Another important factor to remember is that the client machines will also have increases in memory usage and CPU utilization to decompress the objects, or compress objects being sent to the server. The speed of these decompression routines will depend on the client machine hardware.

If you are writing distributed Java applications, whether they're EJB systems or custom RMI solutions, the introduction of compression routines can provide tremendous improvements to the response time and bandwidth consumption of your programs. One of the primary advantages to the approach presented here is its simplicity, allowing the developer to continually work with objects and avoid the compression functions. Using the cZipFactory also allows the developer to avoid socket-level operations or the creation of disk files, retaining the structure of existing programs and making it possible to selectively implement the functions. Another benefit of the cZipFactory is the use of standard Java libraries, making the compression function available in both J2SE and J2EE applications.

For our applications, the performance of the compression routines has been excellent, with minimal server impact and network usage down by 85%. Today, of the approximately 3,000 client machines using the compression classes, there have been no reports of problems with CPU utilization or memory usage. Overall, the introduction of compression was the single largest performance improvement made in our five year development effort.


  • "Compressing and Decompressing Data Using Java APIs": http://developer.java.sun.com/developer/technicalArticles/Programming/compression/
  • Object Serialization in Java: http://java.sun.com/j2se/1.4.2/docs/guide/serialization/
  • Java Documentation for java.util.zip package: http://java.sun.com/j2se/1.4.2/docs/api/java/util/zip/package-summary.html
  • Java Documentation for java.io package: http://java.sun.com/j2se/1.4.2/docs/api/java/io/package-summary.html

    Calculating the Benefits of Compression

    There are a number of benefits to using serialized object compression, most notably the reduction in the size of the serialized output. The performance gain is directly related to the average object size, the bandwidth of the client connections, and the CPU processing power of the server and client machines. When determining whether to implement a compression function, these factors should be projected in order to ensure a positive gain. Consider this simple equation to determine if compression routines would be beneficial:

    [(Object Size bytes) × 8] ÷ [Line Speed kbs] = Avg. Download Time (ms)

    [10000 × 8] ÷ 128 = 625 ms

    Now, reduce the average object size by 80% and recalculate the download time; this time add an additional 100 milliseconds for processing time.

    [(Object Size bytes × 8 × 0.2)] ÷ [Line Speed kbs] + 100 = Compress Download Time (ms)

    {[(10000 × 8) × 0.2] ÷ 128 } + 100 = 225 ms

    In the chart in Figure 1 we see how the slight increase in processing time required for compression can create tremendous gains in download time.

    Regardless of the bandwidth from the server to the client, compression routines will have a definitive impact on network usage (see Figure 2).

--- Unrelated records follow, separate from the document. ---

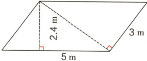 ◎典例 一块菜地的形状是平行四边形,如下图。它的一条边上的高是2.4m,另一条边上的高是多少米?
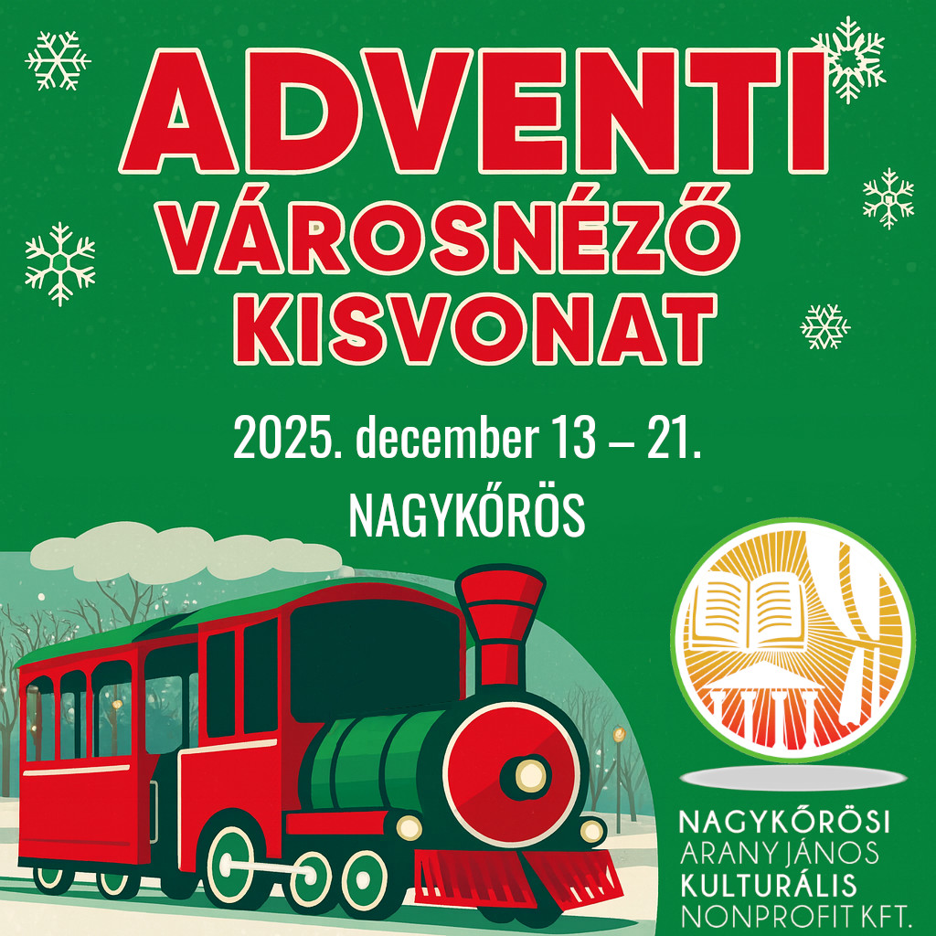Adventi városnéző kisvonat a Szeretet terén Nagykőrösön Adventi városnéző kisvonat a Szeretet terén Gyere el velünk egy különleges utazásra, és nézd meg Nagykőröst úgy, ahogy csak ilyenkor lehet: fényárban, karácsonyi köntösben, és ha úgy adódik, mesés hóesésben!
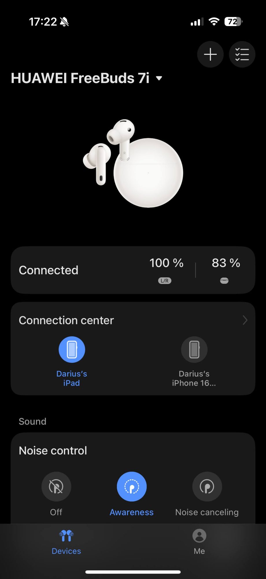 În aplicație ai toate opțiunile și vezi și cu ce dispozitive sunt împerecheate. Probabil informația vine de pe căști, că nu înțeleg cum ar putea fi altcumva, că nu sunt autentificat nicăieri.

    It's important to remember that at some point the law of diminishing returns becomes prevalent. For example, if the average size of the object before compression is 5,000 bytes, then compression could reduce this to as little as 1,000 bytes. The total expense of this compression would be about 100 milliseconds. If the client machines were on 28.8 modems, the compression would have a positive impact, reducing client wait time by about 1,100 milliseconds. However, if the client machines were on 512K connections, downloading the original 5,000 bytes would only take about 90 milliseconds. Even though the 1,000 bytes would take 17 milliseconds, we have now added additional processing time for the compress and decompress operations, potentially creating a negative return, and not significantly impacting download time.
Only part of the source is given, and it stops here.